As it panned out, we've written a fairly nasty (speaking frankly) shell script to calculate date rounding for either current or backfill periods, build a single unified query per interval, and send modified output back to logstash and ultimately to a separate (client-facing) ES cluster. We pull data with a top-level terms agg to split by client, then various sub aggs to as required by the eventual visualisations.
Despite the ugliness of the approach, it's achieving what we hoped. Queries to the raw data are light, and response times against the new index have dropped, in some cases (on equivalent queries), from around 40s to around 50ms. The precomputed index is now about 50gb compared to about 40TB for the raw data. It's still early and we're expecting these numbers to improve further before it goes live. For example we'll try to get the index size down to something that can be stored entirely in RAM.

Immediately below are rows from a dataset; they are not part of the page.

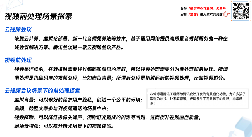 在视频通话中,视频前处理模块可以有效提升用户参与实时视频时的体验,并保护用户隐私,主要包括虚拟背景、美颜和视频降噪等。腾讯会议在视频前处理场景下,遇到哪些技术难点,如何进行优化?【腾讯技术开放日 · 云视频会议专场】中,腾讯云高级工程师李峰从算法和工程优化的角度进行了分享。
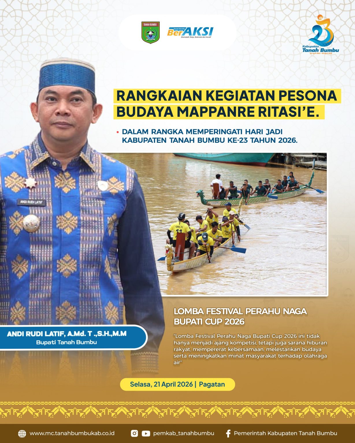 Bupati Tanah Bumbu, Andi Rudi Latif, dalam kesempatan tersebut menegaskan bahwa penyelenggaraan Festival Perahu Naga Bupati Cup 2026 memiliki tujuan strategis, tidak hanya untuk meningkatkan minat masyarakat terhadap olahraga air, tetapi juga untuk melestarikan budaya lokal yang telah menjadi identitas daerah.
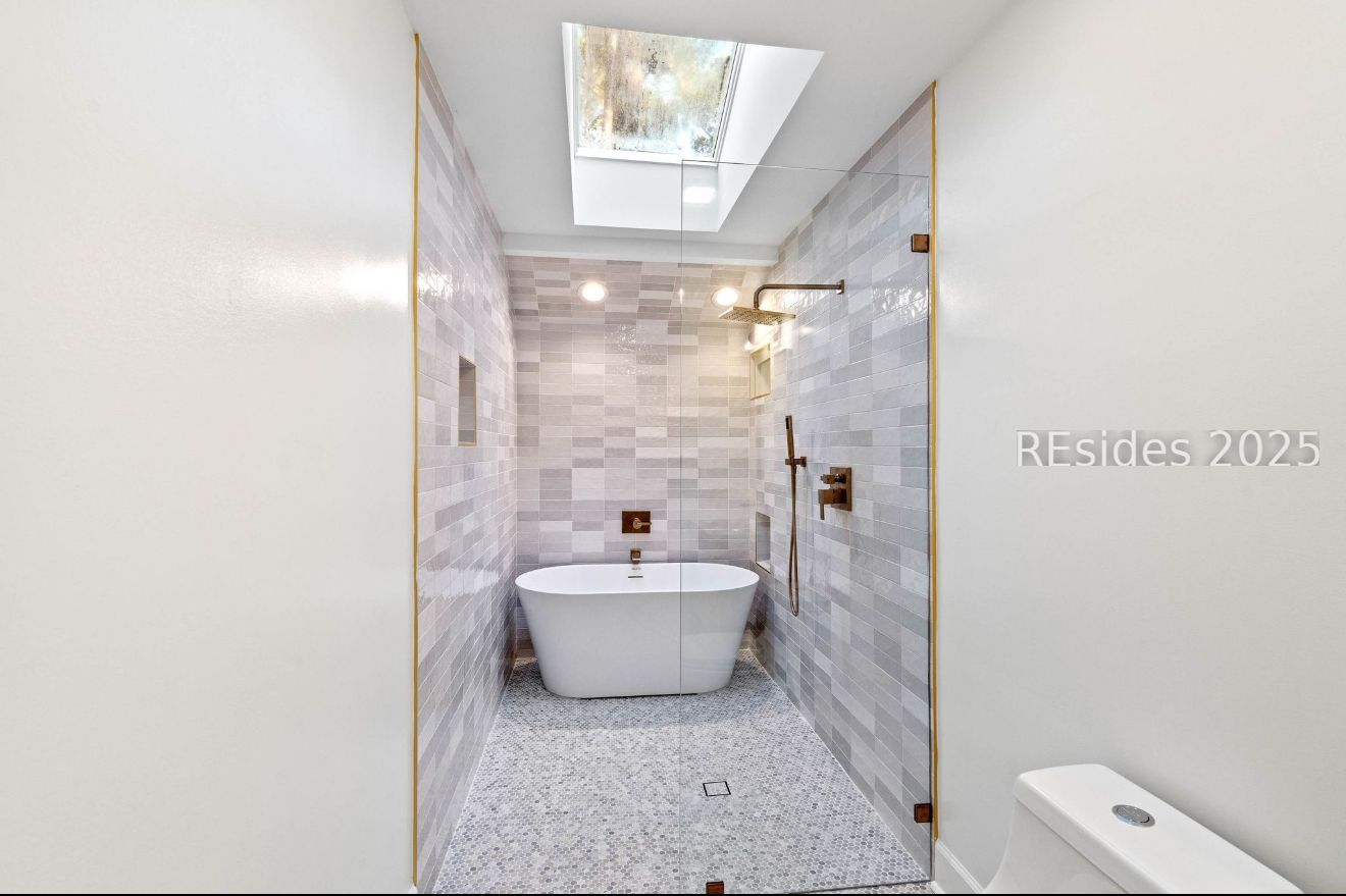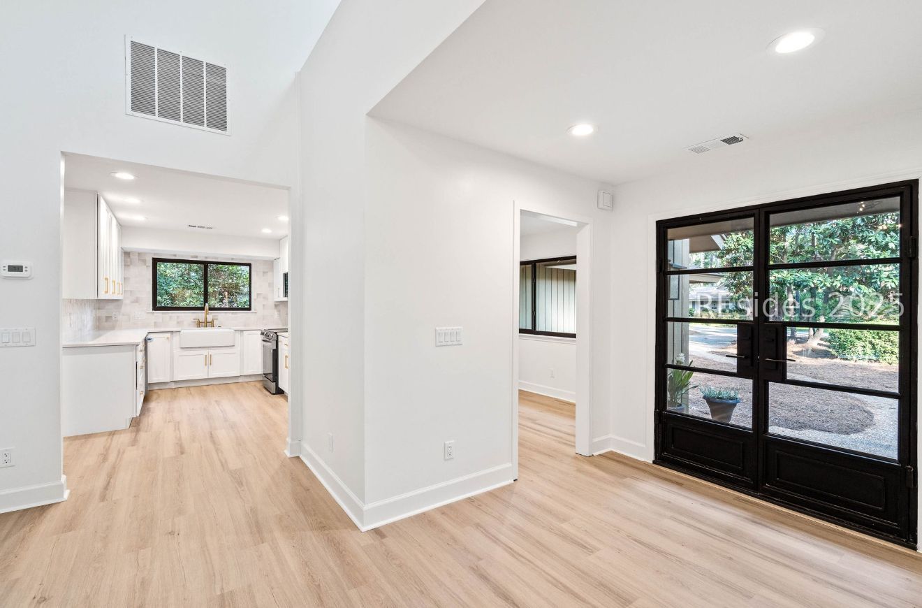 Step into the charm of Lowcountry living with this beautifully renovated 3BD/2.5BA home located in Hilton Head Plantation. This residence seamlessly combines coastal elegance with everyday comfort. The vaulted ceilings adorned with custom beams create a spacious and bright atmosphere, enhanced by designer lighting and high-quality finishes throughout. Enjoy gatherings with friends around the enclosed pool, relax on the patio that overlooks serene wooded views, or take a short stroll to Dolphin Head Recreation and enjoy a walk on the beach. Nestled on a private 1/3 acres lot within one of the island's most sought-after gated communities, this property offers more than just a home, it's a perfect everyday retreat. Sold "As Is"

We've used the fingerprint
filter in logstash to enable safe replay of logs and "at least once" delivery. Every 5m we query for the 2 previous 5m windows, potentially updating the penultimate window in the process.
Terms aggs now suffer much the same problem as is encountered with sharding, even though we're using a single shard, but we attempt to reduce the error by pulling twice the number of terms per interval as we'll actually query (the ratio will be subject to tuning later). Cardinality and sum values (count in the source data become sum in the new data) seem to benefit more unambiguously from our approach - completely accurate, and far, far quicker.
Some queries over longer periods can still can still take a few seconds. It's likely we'll do a second round of precomputation to create daily 'summaries', so that a query of eg 2 years hits ~700 records, rather than ~200,000. In one concrete example, calculating cardinality of client IPs over a year for a particular site (with cardinality of 4 million) takes about 12 seconds. Previously, that would've brought our cluster to its knees! So it's an improvement. But eg precomputing daily summaries from the 5-minutely data would make it trivial. We haven't tested precomputation of hashes, but from what I've read it will make little difference to a numeric field.
We chose to store one record per-client per-interval, which appears to be more performant than alternatives but does mean reindexing everything if we change the structure. Having a separate type
for each type of data we want would've been a lot more flexible, but we figure that being able to issue a single query for all the data using, and therefore using a single filter, is worth it.